В Лондоне В. Д. Набоков совместно с П. Н. Милюковым издавал журнал «New Russia». В ноябре 1920 года переехал в Берлин, где вместе с И. В. Гессеном редактировал газету «Руль». Он очень остро отреагировал на попытку Милюкова коренным образом изменить тактику кадетов: идея альянса конституционных демократов с социалистами была ему глубоко чужда. На заседании Берлинской группы Партии народной свободы 23 августа 1921 года он говорил так: «По любому вопросу практической политики сторонники Милюкова и мы смотрим различно. Нам нельзя приветствовать революцию, так как революция разрушила Россию, растлила народную душу, сделала из нас изгнанников.

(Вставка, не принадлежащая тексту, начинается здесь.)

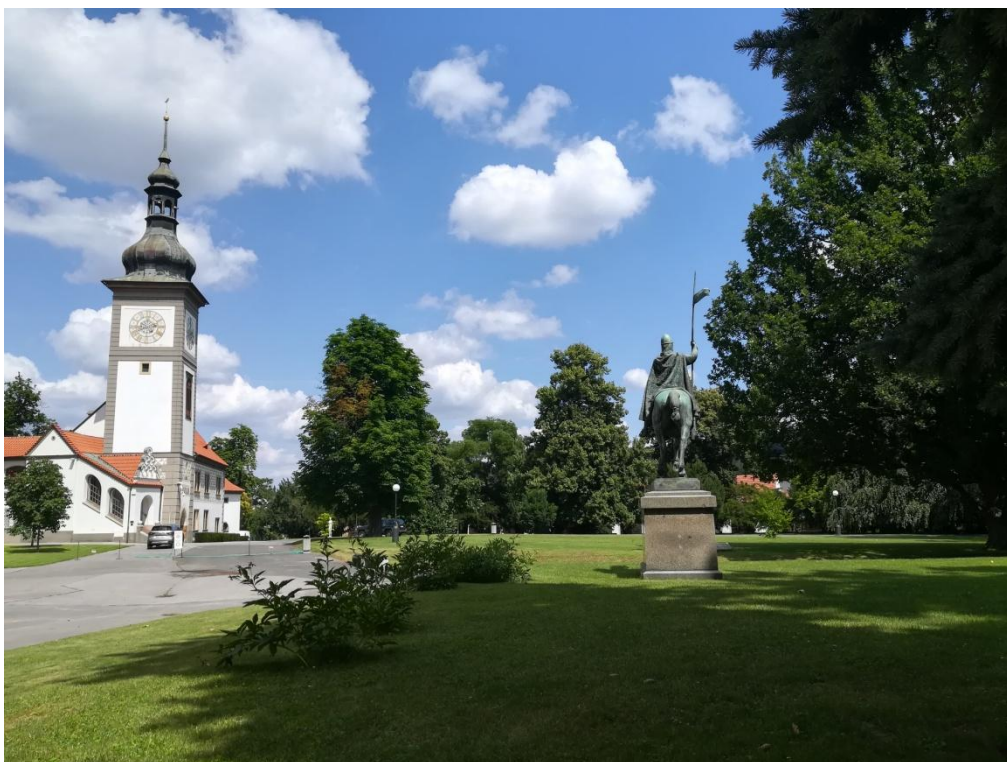
Obr. 12/ Současný pohled z místa bývalého presbytáře mariánského chrámu, v pozadí původní královský lovecký dvorec v dnešní podobě.

Мы остаемся противниками самодержавия и той куцей конституции, которая была до 1917 года, но мы отрицали и отрицаем революционные пути, и теперь мы ясно увидели, к чему они приводят. В этом основа нашего разногласия».

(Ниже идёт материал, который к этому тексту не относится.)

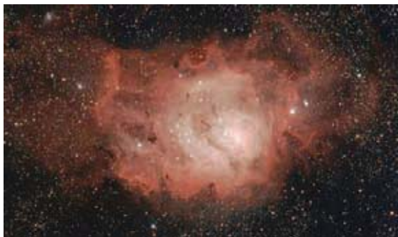
Figura 18.28 Ejercicio 18.25.

son sacudidas por turbulencia al viajar por nubes de gas como la nebulosa Laguna. ¿Le parece realista eso? ¿Por qué?
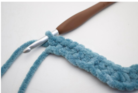
15. Faire 2 ms dans la dernière ml.
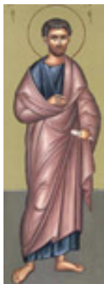
Άγιος Κάρπος ο Απόστολος<br />από τους Εβδομήκοντα
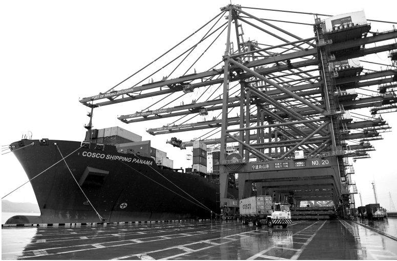
2019年，宁波舟山港成为全球唯一一年货物吞吐量超11亿吨的超级大港，并连续11年位居全球港口第一。图为一艘货轮停靠在宁波舟山港梅山岛国际集装箱码头

构建新发展格局是开放的国内国际双循环，不是封闭的国内单循环。我国经济已经深度融入世界经济，同全球很多国家的产业关联和相互依赖程度都比较高，目前是120多个国家和地区的最大贸易伙伴。国际市场是国内市场的延伸，以国内大循环为主体，绝不是关起门来

28 марта 1922 года в газете «Руль» появилась последняя статья В. Д. Набокова: «Сегодня в Берлин приезжает П. Н. Милюков, выступающий с лекцией на тему „Америка и восстановление России“. Те тактические разногласия, которые в свое время провели грань между нами и нашим старым товарищем и руководителем, и теперь еще не устранены. Он выступает в Берлине под флагом демократической группы партии народной свободы, напоминающим и о существовании этой грани, и о том, сколько в ней условного, временного, случайного, непринципиального». Набоков протянул руку Милюкову – они встретились как старые приятели. На лекции Милюкова Набоков сидел в первом ряду Берлинской филармонии. А Милюков, по его собственным словам, идя на трибуну, думал, как бы смягчить выражения, чтобы не обидеть товарищей по партии.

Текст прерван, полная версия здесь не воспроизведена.